Он не торопясь направился обратно к «Гербу Солеев». Но на повороте к отелю заколебался и, видимо, передумал. Медленно, почти против желания, он повернул к Аббатству и южной кромкой подворья прошел к дому Филдинга. Вид у Смайли был тревожный, чуть ли не испуганный.
Глава 16
ЛЮБИТЕЛЬ МУЗЫКИ
Открыла ему мисс Трубоди. Веки у нее были красные, словно бы от слез.
— Нельзя ли повидать мистера Филдинга? Мне хотелось бы проститься.
— Мистер Филдинг очень расстроен, — замялась мисс Трубоди. — Вряд ли он примет гостей.
Впустив Смайли в холл, она пошла к двери кабинета. Постучала, приблизила ухо, затем тихо повернула ручку и вошла. Вернулась она нескоро.

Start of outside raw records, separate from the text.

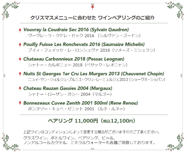 - クリスマスメニューに合わせた ワインペアリングのご紹介
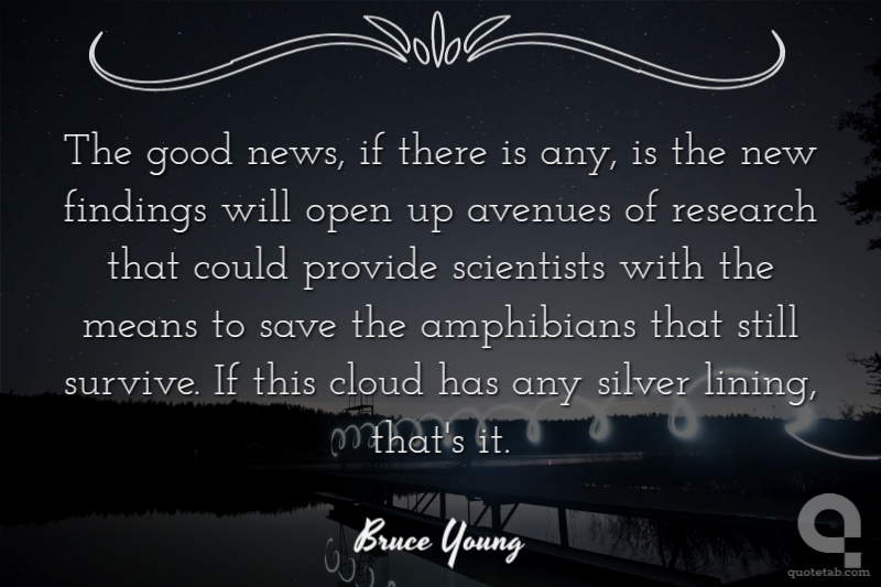 The good news, if there is any, is the new findings will open up avenues of research that could provide scientists with the means to save the amphibians that still survive. If this cloud has any silver lining, that's it. Bruce Young
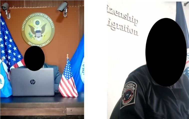 El grupo también se hacía pasar como jueces de inmigración (incluso vistiendo con togas o vestimenta de jueces) y agentes de la Oficina de Aduanas y Protección Fronteriza (CBP) y el Servicio de Ciudadanía e Inmigración de Estados Unidos (USCIS), precisa el DOJ.
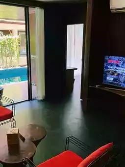 It's on Railay East, which is a pleasant walk from the busier Railay West. Railay West's strolling strip, which is lined with restaurants and bars, is about 5 minutes away. The hotel was kept clean, and the front of the building includes a lovely bar/restaurant area that serves breakfast, lunch, and dinner. There was also live music in the nights. Breakfast was adequate, and it was included in our room cost. We didn't try the lunch or supper menus. When we arrived, our accommodation was upgraded to a corner suite, which was a great gesture from the staff, and we appreciated it. It was spotless, large, and had a nice bed on the balcony area where we could rest and watch Netflix.

— Он сейчас выйдет, — сказала она, не глядя на Смайли. Пожалуйте ваше пальто. — Подождала, пока Смайли стягивал с себя пальто, повесила рядом с ван–гоговским стулом. Постояли молча, глядя на двери кабинета.
И вот внезапно в проеме полураскрытой двери возник Филдинг — небритый, без пиджака.
— Ради господа бога, — сказал он хрипловато, — что вам угодно?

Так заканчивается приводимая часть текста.